─── Source material

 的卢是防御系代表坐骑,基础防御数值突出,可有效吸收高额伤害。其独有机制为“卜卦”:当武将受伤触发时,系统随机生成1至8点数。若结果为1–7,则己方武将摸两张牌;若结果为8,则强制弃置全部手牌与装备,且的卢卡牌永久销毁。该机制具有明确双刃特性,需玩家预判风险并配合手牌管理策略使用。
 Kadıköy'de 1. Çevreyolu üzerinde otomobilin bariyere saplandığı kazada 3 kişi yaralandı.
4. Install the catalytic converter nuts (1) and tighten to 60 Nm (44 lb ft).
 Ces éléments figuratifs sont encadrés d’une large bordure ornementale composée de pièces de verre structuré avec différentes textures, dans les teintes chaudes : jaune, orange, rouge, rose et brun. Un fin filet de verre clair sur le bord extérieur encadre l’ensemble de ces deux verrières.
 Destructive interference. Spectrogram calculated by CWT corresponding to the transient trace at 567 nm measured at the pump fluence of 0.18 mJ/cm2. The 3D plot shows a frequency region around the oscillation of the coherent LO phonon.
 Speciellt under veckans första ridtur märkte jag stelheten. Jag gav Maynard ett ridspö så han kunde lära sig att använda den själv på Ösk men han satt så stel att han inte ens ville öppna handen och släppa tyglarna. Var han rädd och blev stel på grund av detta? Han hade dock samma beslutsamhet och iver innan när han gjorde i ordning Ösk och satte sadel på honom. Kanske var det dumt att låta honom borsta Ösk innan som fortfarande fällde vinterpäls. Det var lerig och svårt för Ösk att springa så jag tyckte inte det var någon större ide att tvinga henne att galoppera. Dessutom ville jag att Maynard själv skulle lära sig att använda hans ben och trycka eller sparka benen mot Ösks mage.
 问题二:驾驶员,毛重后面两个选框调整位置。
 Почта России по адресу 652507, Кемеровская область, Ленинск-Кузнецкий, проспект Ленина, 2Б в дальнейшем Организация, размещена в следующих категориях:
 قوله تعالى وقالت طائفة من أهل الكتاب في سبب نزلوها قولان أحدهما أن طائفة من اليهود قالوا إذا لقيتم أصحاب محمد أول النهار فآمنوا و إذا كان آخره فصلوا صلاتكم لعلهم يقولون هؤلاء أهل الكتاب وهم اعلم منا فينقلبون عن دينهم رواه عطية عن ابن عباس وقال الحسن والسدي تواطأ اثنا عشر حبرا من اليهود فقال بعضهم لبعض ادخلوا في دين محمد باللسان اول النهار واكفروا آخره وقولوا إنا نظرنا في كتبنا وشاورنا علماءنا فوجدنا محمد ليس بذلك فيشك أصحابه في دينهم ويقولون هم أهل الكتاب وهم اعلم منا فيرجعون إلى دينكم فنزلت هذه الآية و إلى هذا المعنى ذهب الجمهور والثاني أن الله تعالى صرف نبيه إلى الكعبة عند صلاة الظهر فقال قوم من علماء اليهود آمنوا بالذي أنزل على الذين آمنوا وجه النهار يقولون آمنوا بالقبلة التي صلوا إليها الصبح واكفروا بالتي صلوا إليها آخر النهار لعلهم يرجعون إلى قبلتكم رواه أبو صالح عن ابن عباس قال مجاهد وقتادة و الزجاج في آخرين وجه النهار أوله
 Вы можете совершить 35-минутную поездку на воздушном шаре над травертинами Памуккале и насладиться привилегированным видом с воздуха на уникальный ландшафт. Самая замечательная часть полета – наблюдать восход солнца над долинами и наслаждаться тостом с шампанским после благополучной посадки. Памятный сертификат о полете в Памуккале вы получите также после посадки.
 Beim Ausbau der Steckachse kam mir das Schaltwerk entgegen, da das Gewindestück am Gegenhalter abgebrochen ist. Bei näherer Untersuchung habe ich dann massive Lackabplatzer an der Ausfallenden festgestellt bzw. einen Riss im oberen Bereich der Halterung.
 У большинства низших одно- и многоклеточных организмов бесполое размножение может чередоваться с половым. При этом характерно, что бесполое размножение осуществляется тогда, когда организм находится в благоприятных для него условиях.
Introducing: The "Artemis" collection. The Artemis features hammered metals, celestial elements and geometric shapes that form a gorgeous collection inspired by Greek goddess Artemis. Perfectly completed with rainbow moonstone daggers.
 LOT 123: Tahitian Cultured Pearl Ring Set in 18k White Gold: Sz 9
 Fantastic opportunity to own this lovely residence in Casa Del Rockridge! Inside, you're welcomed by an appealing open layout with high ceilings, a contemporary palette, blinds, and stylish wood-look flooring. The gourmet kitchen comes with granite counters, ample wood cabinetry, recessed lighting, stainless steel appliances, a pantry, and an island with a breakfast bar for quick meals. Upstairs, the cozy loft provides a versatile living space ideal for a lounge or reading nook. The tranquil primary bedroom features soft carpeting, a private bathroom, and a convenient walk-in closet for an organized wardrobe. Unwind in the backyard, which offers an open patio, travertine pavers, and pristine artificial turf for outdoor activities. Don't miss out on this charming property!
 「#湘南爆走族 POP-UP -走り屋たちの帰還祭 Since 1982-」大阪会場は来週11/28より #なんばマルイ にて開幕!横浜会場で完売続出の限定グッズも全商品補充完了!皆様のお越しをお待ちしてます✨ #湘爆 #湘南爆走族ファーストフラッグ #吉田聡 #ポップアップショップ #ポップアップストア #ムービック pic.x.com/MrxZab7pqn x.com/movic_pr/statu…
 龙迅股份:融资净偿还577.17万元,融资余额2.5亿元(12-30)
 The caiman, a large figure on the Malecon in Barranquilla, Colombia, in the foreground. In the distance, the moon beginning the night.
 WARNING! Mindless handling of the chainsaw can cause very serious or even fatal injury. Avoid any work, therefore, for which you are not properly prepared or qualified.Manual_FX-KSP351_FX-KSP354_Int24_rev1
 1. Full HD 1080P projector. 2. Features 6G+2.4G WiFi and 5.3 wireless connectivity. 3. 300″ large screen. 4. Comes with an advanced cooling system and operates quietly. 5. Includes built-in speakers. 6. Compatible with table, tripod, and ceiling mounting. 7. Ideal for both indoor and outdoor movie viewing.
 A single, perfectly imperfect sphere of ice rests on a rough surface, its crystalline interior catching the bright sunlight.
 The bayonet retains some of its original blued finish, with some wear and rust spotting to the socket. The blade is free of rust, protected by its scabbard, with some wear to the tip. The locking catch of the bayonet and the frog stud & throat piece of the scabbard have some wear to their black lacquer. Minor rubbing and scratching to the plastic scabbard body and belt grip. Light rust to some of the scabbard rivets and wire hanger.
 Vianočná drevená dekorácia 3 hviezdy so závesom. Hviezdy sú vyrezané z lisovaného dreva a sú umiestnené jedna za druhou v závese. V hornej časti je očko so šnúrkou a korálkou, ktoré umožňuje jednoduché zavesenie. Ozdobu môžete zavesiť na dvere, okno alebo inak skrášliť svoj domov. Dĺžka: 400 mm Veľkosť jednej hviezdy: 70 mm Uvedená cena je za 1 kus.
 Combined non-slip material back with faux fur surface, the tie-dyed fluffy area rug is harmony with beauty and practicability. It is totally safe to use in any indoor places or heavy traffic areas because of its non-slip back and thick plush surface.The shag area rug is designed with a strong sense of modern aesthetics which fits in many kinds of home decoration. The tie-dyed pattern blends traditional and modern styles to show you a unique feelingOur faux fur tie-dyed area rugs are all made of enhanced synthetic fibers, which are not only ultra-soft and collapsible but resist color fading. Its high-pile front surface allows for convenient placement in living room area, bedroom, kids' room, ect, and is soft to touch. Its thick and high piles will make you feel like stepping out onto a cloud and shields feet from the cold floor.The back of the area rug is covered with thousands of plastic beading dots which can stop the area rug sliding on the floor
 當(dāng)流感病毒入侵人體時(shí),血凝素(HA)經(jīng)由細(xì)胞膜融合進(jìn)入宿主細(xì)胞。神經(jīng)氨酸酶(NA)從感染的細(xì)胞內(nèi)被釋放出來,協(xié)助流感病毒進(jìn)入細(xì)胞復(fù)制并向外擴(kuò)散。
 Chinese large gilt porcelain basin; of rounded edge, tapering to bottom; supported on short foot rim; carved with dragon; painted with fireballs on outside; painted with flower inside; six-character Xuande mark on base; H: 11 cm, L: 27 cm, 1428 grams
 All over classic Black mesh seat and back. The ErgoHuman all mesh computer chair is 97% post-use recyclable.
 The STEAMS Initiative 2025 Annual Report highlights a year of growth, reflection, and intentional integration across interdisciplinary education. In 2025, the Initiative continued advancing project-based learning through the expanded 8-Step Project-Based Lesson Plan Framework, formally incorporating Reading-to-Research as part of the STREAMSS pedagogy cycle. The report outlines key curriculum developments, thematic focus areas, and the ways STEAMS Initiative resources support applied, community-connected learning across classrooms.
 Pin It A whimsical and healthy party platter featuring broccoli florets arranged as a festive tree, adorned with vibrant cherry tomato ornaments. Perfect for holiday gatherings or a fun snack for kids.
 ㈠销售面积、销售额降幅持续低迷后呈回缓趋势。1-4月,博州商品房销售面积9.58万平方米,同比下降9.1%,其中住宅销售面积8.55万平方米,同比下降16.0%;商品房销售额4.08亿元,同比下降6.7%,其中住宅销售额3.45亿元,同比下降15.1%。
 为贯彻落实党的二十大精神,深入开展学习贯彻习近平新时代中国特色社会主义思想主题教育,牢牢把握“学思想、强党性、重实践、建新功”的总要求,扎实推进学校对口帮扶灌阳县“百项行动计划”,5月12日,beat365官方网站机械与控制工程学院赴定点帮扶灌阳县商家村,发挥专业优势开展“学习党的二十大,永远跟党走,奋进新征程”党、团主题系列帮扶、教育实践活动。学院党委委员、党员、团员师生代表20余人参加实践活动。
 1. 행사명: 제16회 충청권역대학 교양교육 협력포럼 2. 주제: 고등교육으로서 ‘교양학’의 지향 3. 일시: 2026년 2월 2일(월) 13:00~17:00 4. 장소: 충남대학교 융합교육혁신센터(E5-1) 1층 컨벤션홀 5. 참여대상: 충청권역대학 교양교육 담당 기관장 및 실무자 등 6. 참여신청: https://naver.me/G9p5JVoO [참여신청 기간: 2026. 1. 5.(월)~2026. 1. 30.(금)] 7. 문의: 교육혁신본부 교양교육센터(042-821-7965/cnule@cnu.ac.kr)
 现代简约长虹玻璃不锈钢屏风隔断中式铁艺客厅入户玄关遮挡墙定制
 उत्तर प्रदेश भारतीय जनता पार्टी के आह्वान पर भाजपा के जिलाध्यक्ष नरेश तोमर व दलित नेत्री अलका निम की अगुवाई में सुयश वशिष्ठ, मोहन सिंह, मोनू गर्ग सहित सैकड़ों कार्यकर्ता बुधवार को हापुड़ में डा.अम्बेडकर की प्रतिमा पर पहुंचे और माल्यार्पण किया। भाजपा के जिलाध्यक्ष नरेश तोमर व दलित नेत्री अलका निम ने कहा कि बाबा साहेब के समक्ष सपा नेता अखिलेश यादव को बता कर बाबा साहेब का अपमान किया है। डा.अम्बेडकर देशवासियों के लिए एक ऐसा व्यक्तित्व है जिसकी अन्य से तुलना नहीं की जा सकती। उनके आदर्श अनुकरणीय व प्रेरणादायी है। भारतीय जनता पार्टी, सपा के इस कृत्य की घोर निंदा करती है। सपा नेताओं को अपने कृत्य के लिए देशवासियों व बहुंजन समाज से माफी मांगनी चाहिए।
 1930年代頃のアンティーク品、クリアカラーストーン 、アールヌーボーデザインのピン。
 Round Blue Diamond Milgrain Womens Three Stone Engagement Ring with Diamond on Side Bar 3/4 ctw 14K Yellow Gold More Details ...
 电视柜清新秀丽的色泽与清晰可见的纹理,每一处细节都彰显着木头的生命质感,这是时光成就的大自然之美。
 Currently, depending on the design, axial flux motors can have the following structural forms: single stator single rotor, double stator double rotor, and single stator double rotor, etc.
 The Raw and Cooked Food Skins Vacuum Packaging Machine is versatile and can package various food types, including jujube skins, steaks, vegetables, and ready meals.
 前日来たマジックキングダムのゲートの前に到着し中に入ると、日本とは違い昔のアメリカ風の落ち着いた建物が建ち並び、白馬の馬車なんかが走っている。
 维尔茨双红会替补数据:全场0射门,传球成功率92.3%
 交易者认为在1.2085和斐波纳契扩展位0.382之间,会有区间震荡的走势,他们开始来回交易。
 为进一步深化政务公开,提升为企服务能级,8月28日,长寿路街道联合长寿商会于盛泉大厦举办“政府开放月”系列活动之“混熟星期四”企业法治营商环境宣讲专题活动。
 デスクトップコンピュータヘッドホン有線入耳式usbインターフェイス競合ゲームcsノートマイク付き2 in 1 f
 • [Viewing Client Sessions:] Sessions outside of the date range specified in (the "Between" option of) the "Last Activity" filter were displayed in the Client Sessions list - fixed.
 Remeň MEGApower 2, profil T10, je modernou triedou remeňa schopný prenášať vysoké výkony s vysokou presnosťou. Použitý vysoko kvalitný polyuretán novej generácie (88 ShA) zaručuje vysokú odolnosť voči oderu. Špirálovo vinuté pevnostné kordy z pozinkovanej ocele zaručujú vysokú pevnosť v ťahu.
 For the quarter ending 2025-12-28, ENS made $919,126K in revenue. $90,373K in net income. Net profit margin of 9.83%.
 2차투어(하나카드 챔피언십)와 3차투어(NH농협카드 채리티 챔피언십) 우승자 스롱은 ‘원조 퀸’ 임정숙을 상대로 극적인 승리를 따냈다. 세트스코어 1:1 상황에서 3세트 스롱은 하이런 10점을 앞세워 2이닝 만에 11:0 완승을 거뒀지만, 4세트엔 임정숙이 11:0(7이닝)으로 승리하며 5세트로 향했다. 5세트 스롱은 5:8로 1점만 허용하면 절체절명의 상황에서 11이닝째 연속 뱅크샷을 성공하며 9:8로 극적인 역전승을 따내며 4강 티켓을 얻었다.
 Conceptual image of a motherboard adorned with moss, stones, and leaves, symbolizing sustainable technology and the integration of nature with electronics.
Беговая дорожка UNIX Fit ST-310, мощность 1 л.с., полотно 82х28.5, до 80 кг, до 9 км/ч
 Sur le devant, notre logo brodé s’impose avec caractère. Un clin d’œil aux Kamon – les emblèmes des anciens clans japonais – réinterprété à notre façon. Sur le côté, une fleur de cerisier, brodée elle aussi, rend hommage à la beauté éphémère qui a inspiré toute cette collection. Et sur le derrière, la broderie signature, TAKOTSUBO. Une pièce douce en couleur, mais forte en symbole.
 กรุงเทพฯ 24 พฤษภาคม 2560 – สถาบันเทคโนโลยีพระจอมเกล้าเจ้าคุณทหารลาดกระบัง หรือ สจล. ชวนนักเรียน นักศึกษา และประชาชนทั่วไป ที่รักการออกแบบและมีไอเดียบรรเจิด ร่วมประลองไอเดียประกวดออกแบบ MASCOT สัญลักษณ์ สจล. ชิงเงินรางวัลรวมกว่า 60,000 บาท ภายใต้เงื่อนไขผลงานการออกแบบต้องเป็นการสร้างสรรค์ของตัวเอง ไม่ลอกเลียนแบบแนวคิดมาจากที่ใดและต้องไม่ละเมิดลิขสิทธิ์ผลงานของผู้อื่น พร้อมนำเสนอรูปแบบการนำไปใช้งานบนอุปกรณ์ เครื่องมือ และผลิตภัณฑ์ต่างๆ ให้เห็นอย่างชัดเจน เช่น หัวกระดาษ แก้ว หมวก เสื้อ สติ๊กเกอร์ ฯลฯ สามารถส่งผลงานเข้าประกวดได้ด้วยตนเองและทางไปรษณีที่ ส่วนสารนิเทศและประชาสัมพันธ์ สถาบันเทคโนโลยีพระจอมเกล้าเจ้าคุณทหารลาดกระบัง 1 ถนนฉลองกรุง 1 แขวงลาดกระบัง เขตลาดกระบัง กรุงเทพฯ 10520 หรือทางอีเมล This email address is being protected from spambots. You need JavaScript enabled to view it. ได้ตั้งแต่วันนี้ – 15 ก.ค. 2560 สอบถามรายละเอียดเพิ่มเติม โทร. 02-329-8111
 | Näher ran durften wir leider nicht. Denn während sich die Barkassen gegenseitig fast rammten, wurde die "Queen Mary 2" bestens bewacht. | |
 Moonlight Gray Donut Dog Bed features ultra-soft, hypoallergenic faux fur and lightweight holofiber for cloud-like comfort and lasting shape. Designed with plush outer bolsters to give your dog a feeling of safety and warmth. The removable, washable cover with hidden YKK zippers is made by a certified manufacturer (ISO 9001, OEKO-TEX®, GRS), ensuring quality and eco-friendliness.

──────

### To do
What lines in the listing above contain the word "single"? Show each one.

### Answer
 A single, perfectly imperfect sphere of ice rests on a rough surface, its crystalline interior catching the bright sunlight.
 Currently, depending on the design, axial flux motors can have the following structural forms: single stator single rotor, double stator double rotor, and single stator double rotor, etc.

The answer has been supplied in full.